##### Data block
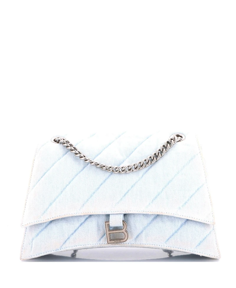 Pre-Owned Balenciaga Medium Crush Chain Flap Bag Quilted Denim
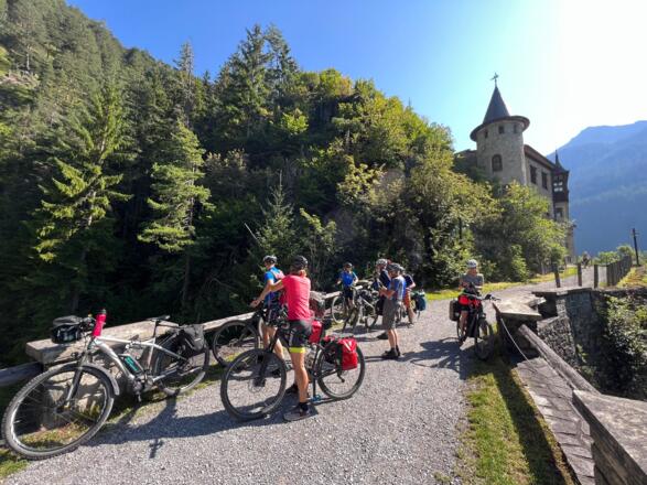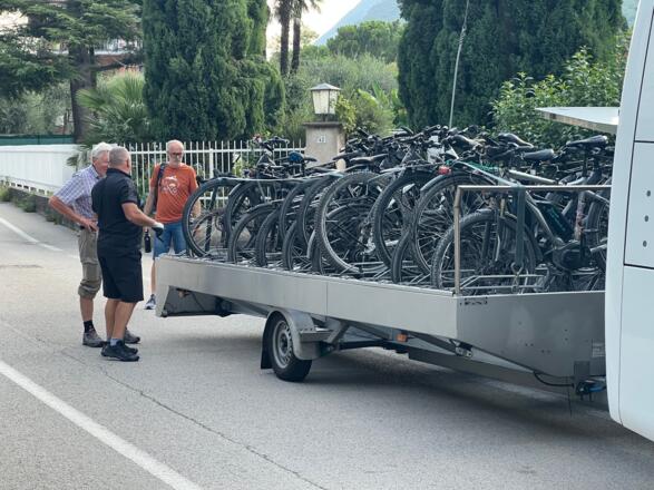 Etappenvorschläge für Transalpin Füssen-Gardasee: Tag 1: Füssen nach Biberwier (Halbtagestour = Zeit für Anreise) Tag 2: Biberwier -Fernpass- nach Umhausen im Ötztal Tag 3: Umhausen nach Obergurgl Tag 4: Obergurgl -Timmelsjoch- nach Meran Tag 5: Meran nach San Michéle Tag 6: San Michele nach Arco und Riva del Garda Die erste Etappe startet am Bahnhof und führt hinunter an den Lechfall und kommt auf den Lechtalradweg und die Via Claudia Augusta (VCA). Auf der Pinswanger Straße gelangen wir nach Hüttenbichl und im weiteren Verlauf nach Reutte. Dem Radweg folgend bietet sich im Heiterwanger See ein Badestopp an. Kurz vor Lermoos ist dann ein Fotostop angesagt: Radfahrer vor Zugspitze! Kurz darauf biegen wir nach Süden in Richtung Biberwier ab. Im Hotel „My Tirol“ hat man vom Schwimmbad aus Blick auf die Zugspitze, die Räder kann man mit aufs Zimmer nehmen und das Buffet abends ist spitze. Am nächsten Tag fährt man weiter auf der VCA/R8 zur Fernpassstraße, die man auch überquert. Die Strecke verläuft jetzt auch auf einem Wanderweg, dem Römerweg, einem Holzplankenweg. Auf Teilabschnitten soll man hier schieben. Achtung: Abfahrt hier etwas luftig! Ab dem Fernsteinsee wieder normaler Radweg. In Nassereith kleiner Angelsee mit schöner Rastmöglichkeit. Man folgt weiter am Waldrand der VCA in Richtung Imst, dass man aber rechts liegen lässt. Untermauerung der A12 und Überquerung des Inn nach Osten abbiegen und auf dem Innradweg bis Waldeler Feld und auf dieser Uferseite bleiben. Der Radweg führt durch Mairhof und Ötzbruck. Man überquert nicht die Ötztaler Ache, sondern biegt nach Südosten ab und fährt am Ufer der Ache den Ötztalradweg. Nach dem großen Freizeitbad überquert man die Ache und folgt dem Ötztalradweg oder dem Track bis nach Umhausen. Hotel Explorer ist empfehlenswert. Die dritte Etappe führt auf dem Ötztalradweg bis Sölden, dann geht es auf die Straße und hinauf nach Obergurgl. Hier nicht ganz so viele Übernachtungsmöglichkeiten im Sommer. Sölden bietet da mehr. Die vierte Etappe führt wieder auf der Straße von Obergurgl über Hochgurgl. Am Motorradmuseum ist die Mautstelle. Hier gibt es einen Aufkleber für Radfahrer kostenlos. Jetzt folgt eine grandiose Auffahrt bis zum Timmelsjoch, die sich fortsetzt in einer sehr langen Abfahrt nach Moos in Passeier. Hier mal eine Verschnaufpause einlegen. Auf der Straße fährt man weiter bis St. Leonhard in Passeier. Schöner, kleiner Ort für eine Kaffeepause im Zentrum. Von hier aus befährt man den Passeier Radweg am Ufer der Passer entlang bis Meran. Tag fünf beginnt in Meran und rollt am Ufer der Etsch, der Etschtalroute entlang Richtung Bozen. Kurz vor Bozen sieht man schon auf der anderen Uferseite auf der Anhöhe Sigmundskron, das Messner-Mountainmuseum, twas überzogene Eintrittspreise! Nach etwas Kulturprogramm weiter auf der Etschtalroute bis San Michéle. Das nächste Highlight dieser Transalp bildet die letzte Etappe über den Molvenosee. Dafür verlässt man San Michéle nach Nordwest über Mezzocorona bis zur Abfahrt auf die SS421 nach Andalo und Molveno. Zunächst steile Auffahrt auf enger Straße, im weiteren Verlauf etwas abflachend und breiter. Ab Andalo beginnt die Abfahrt zum Molvenosee. Hier gibt es tolle Bademöglichkeiten und ein beeindruckendes Brentapanorama. Weitere Abfahrt auf der SS 421 bis zur Sarca, dann links abbiegen auf die SS237 nach Sarche. Nach ca. 2 km linksseitig der Straße ein Radweg. Den muss man nehmen, da man die Tunnel nicht durchfahren darf. Nächsten Fotostop bietet die Sarcaschlucht. Die letzten drei Serpentinen fährt man wieder auf der Straße, überquert den Fluss und biegt gleich rechts auf den ausgeschilderten Radweg ab. Radwegbeschilderung folgen bis Arco, der Sarca folgend nach Torbolé und schließlich am Ufer des Gardasees nach Riva des Garda.
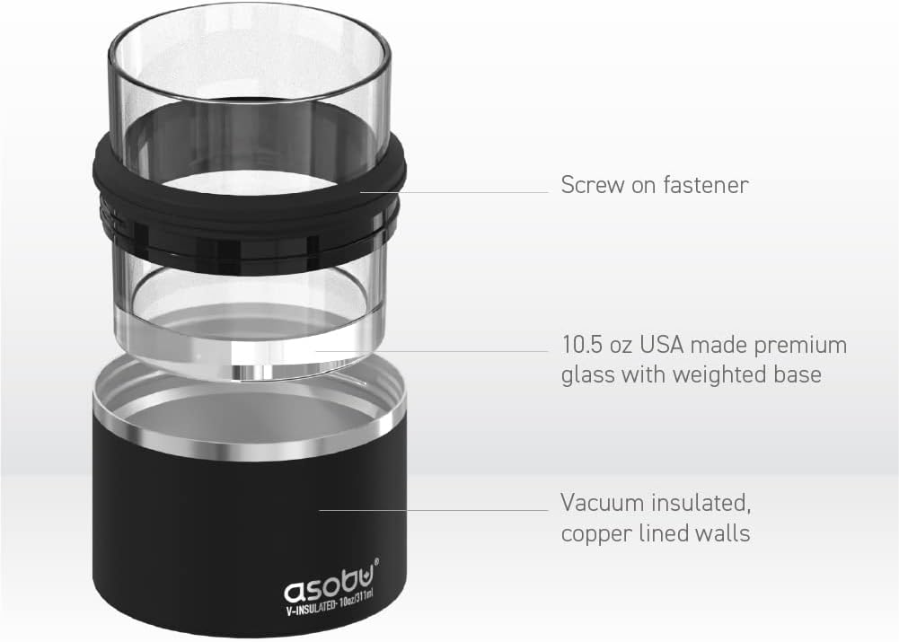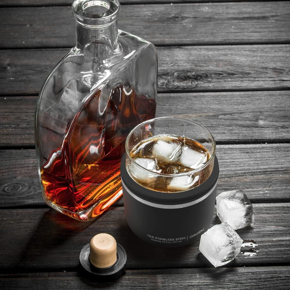 asobu Whiskey Glass with Insulated Stainless Steel Sleeve, 10.5 ounces (Black)
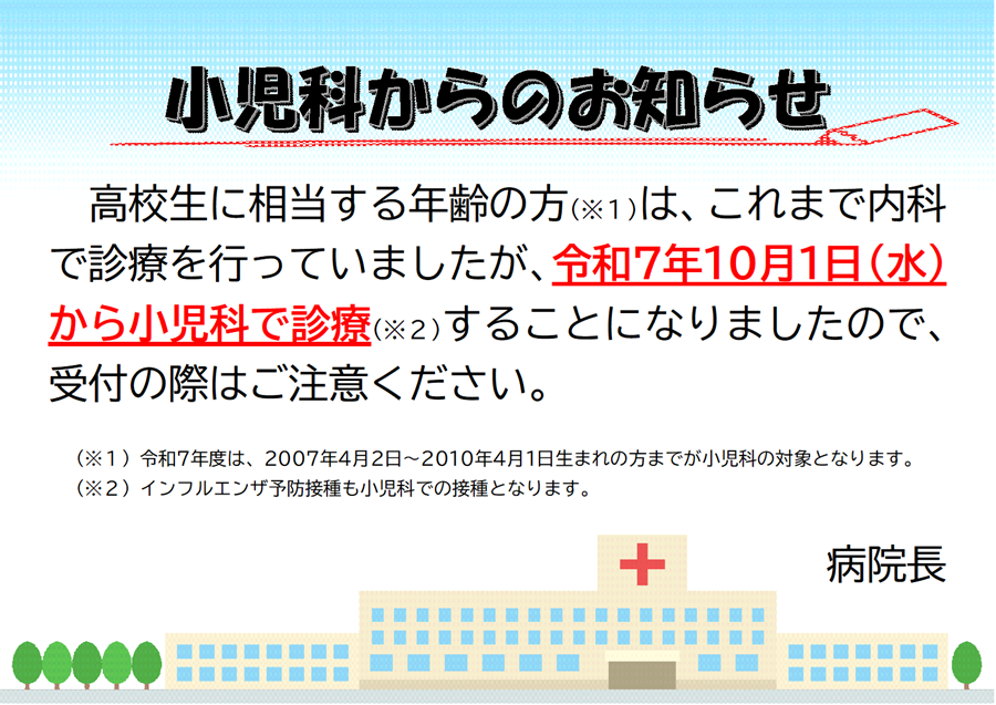 高校生に相当する年齢の方(※1)は、これまで内科で診療を行っていましたが、令和7年10月1日(水)から小児科で診療(※2)することになりましたので、受付の際はご注意ください。
##########
**Problem:** From the first line to the last, copy the listing above exactly, dropping all images.

**Problem solution:**
 Pre-Owned Balenciaga Medium Crush Chain Flap Bag Quilted Denim
 Etappenvorschläge für Transalpin Füssen-Gardasee: Tag 1: Füssen nach Biberwier (Halbtagestour = Zeit für Anreise) Tag 2: Biberwier -Fernpass- nach Umhausen im Ötztal Tag 3: Umhausen nach Obergurgl Tag 4: Obergurgl -Timmelsjoch- nach Meran Tag 5: Meran nach San Michéle Tag 6: San Michele nach Arco und Riva del Garda Die erste Etappe startet am Bahnhof und führt hinunter an den Lechfall und kommt auf den Lechtalradweg und die Via Claudia Augusta (VCA). Auf der Pinswanger Straße gelangen wir nach Hüttenbichl und im weiteren Verlauf nach Reutte. Dem Radweg folgend bietet sich im Heiterwanger See ein Badestopp an. Kurz vor Lermoos ist dann ein Fotostop angesagt: Radfahrer vor Zugspitze! Kurz darauf biegen wir nach Süden in Richtung Biberwier ab. Im Hotel „My Tirol“ hat man vom Schwimmbad aus Blick auf die Zugspitze, die Räder kann man mit aufs Zimmer nehmen und das Buffet abends ist spitze. Am nächsten Tag fährt man weiter auf der VCA/R8 zur Fernpassstraße, die man auch überquert. Die Strecke verläuft jetzt auch auf einem Wanderweg, dem Römerweg, einem Holzplankenweg. Auf Teilabschnitten soll man hier schieben. Achtung: Abfahrt hier etwas luftig! Ab dem Fernsteinsee wieder normaler Radweg. In Nassereith kleiner Angelsee mit schöner Rastmöglichkeit. Man folgt weiter am Waldrand der VCA in Richtung Imst, dass man aber rechts liegen lässt. Untermauerung der A12 und Überquerung des Inn nach Osten abbiegen und auf dem Innradweg bis Waldeler Feld und auf dieser Uferseite bleiben. Der Radweg führt durch Mairhof und Ötzbruck. Man überquert nicht die Ötztaler Ache, sondern biegt nach Südosten ab und fährt am Ufer der Ache den Ötztalradweg. Nach dem großen Freizeitbad überquert man die Ache und folgt dem Ötztalradweg oder dem Track bis nach Umhausen. Hotel Explorer ist empfehlenswert. Die dritte Etappe führt auf dem Ötztalradweg bis Sölden, dann geht es auf die Straße und hinauf nach Obergurgl. Hier nicht ganz so viele Übernachtungsmöglichkeiten im Sommer. Sölden bietet da mehr. Die vierte Etappe führt wieder auf der Straße von Obergurgl über Hochgurgl. Am Motorradmuseum ist die Mautstelle. Hier gibt es einen Aufkleber für Radfahrer kostenlos. Jetzt folgt eine grandiose Auffahrt bis zum Timmelsjoch, die sich fortsetzt in einer sehr langen Abfahrt nach Moos in Passeier. Hier mal eine Verschnaufpause einlegen. Auf der Straße fährt man weiter bis St. Leonhard in Passeier. Schöner, kleiner Ort für eine Kaffeepause im Zentrum. Von hier aus befährt man den Passeier Radweg am Ufer der Passer entlang bis Meran. Tag fünf beginnt in Meran und rollt am Ufer der Etsch, der Etschtalroute entlang Richtung Bozen. Kurz vor Bozen sieht man schon auf der anderen Uferseite auf der Anhöhe Sigmundskron, das Messner-Mountainmuseum, twas überzogene Eintrittspreise! Nach etwas Kulturprogramm weiter auf der Etschtalroute bis San Michéle. Das nächste Highlight dieser Transalp bildet die letzte Etappe über den Molvenosee. Dafür verlässt man San Michéle nach Nordwest über Mezzocorona bis zur Abfahrt auf die SS421 nach Andalo und Molveno. Zunächst steile Auffahrt auf enger Straße, im weiteren Verlauf etwas abflachend und breiter. Ab Andalo beginnt die Abfahrt zum Molvenosee. Hier gibt es tolle Bademöglichkeiten und ein beeindruckendes Brentapanorama. Weitere Abfahrt auf der SS 421 bis zur Sarca, dann links abbiegen auf die SS237 nach Sarche. Nach ca. 2 km linksseitig der Straße ein Radweg. Den muss man nehmen, da man die Tunnel nicht durchfahren darf. Nächsten Fotostop bietet die Sarcaschlucht. Die letzten drei Serpentinen fährt man wieder auf der Straße, überquert den Fluss und biegt gleich rechts auf den ausgeschilderten Radweg ab. Radwegbeschilderung folgen bis Arco, der Sarca folgend nach Torbolé und schließlich am Ufer des Gardasees nach Riva des Garda.
 asobu Whiskey Glass with Insulated Stainless Steel Sleeve, 10.5 ounces (Black)
 高校生に相当する年齢の方(※1)は、これまで内科で診療を行っていましたが、令和7年10月1日(水)から小児科で診療(※2)することになりましたので、受付の際はご注意ください。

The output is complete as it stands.